Hi, We have a set of data that we fit to a nonlinear function using scipy.optimize.leastsq that, AFAIK, uses the Levenberg-Marquardt method. Talking with a collegue of another lab, he pointed me that the dataset we fit usually has intrinsically more noise in the first part of the data than the latter. So he fitted by taking into account the non uniform error -that is, instead of using plain chi-square, giving more weight to the distance from points with less intrinsic error. He told me that on Origin there is a function that does it.

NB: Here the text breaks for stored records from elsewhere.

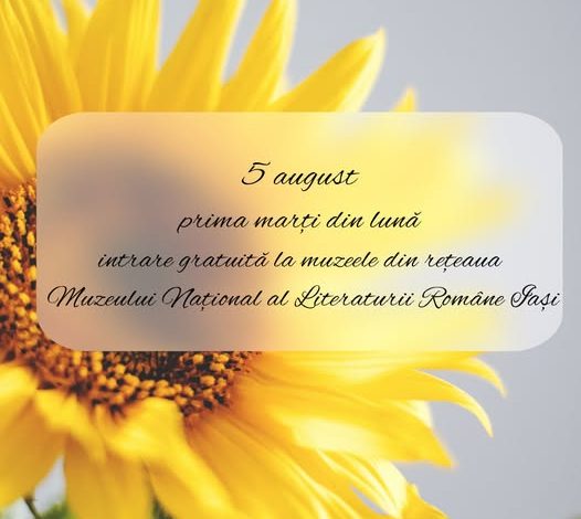 Marți, 5 august 2025, intrarea la muzeele din rețeaua Muzeului Național al Literaturii Române Iași este gratuită.
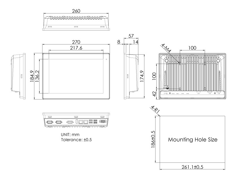10,1" Panelový pasivně chlazený PC s širokoúhlou kapacitně dotykovou obrazovkou s podporou Windows 10 /11 IoT, Linux.
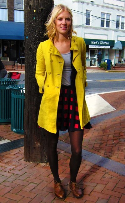 Shopping Sidewalk Style: Brogues and Checks Plus one sunny blonde reason to covet a yellow coat Shop Around, Sidewalk Style | Jan 11, 2011
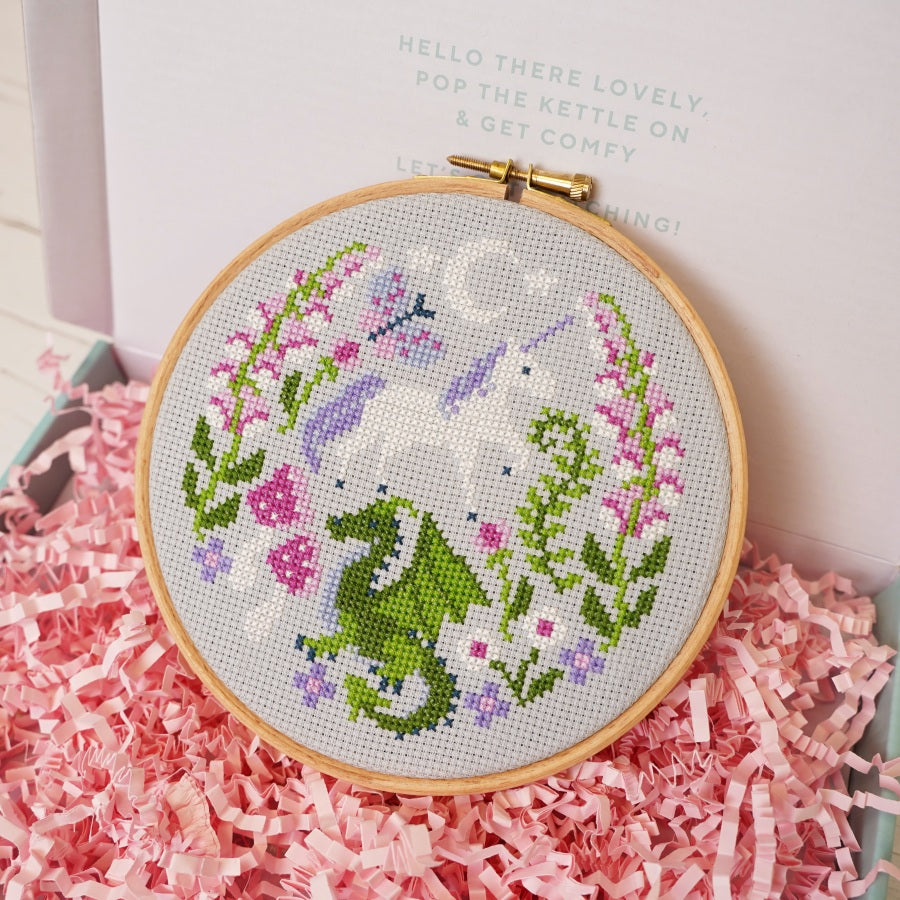 Sign up and you'll be guaranteed a place for all future boxes. Cancel or pause at any time! The cross stitch kit comes with all supplies needed (listed below) and 3 other goodies. You can also buy a box and have it shipped to someone else as a gift with a handwritten personalised gift note (please leave us a note at checkout). Shop the 12 month offer here.

Is there something similar on scipy? m. -- Massimo Sandal University of Bologna Department of Biochemistry "G.Moruzzi" snail mail: Via Irnerio 48, 40126 Bologna, Italy email: massimo.sandal@unibo.it tel: +39-051-2094388 fax: +39-051-2094387
massimo sandal wrote:
Hi,
We have a set of data that we fit to a nonlinear function using scipy.optimize.leastsq that, AFAIK, uses the Levenberg-Marquardt method.
Talking with a collegue of another lab, he pointed me that the dataset we fit usually has intrinsically more noise in the first part of the data than the latter. So he fitted by taking into account the non uniform error -that is, instead of using plain chi-square, giving more weight to the distance from points with less intrinsic error. He told me that on Origin there is a function that does it. Is there something similar on scipy?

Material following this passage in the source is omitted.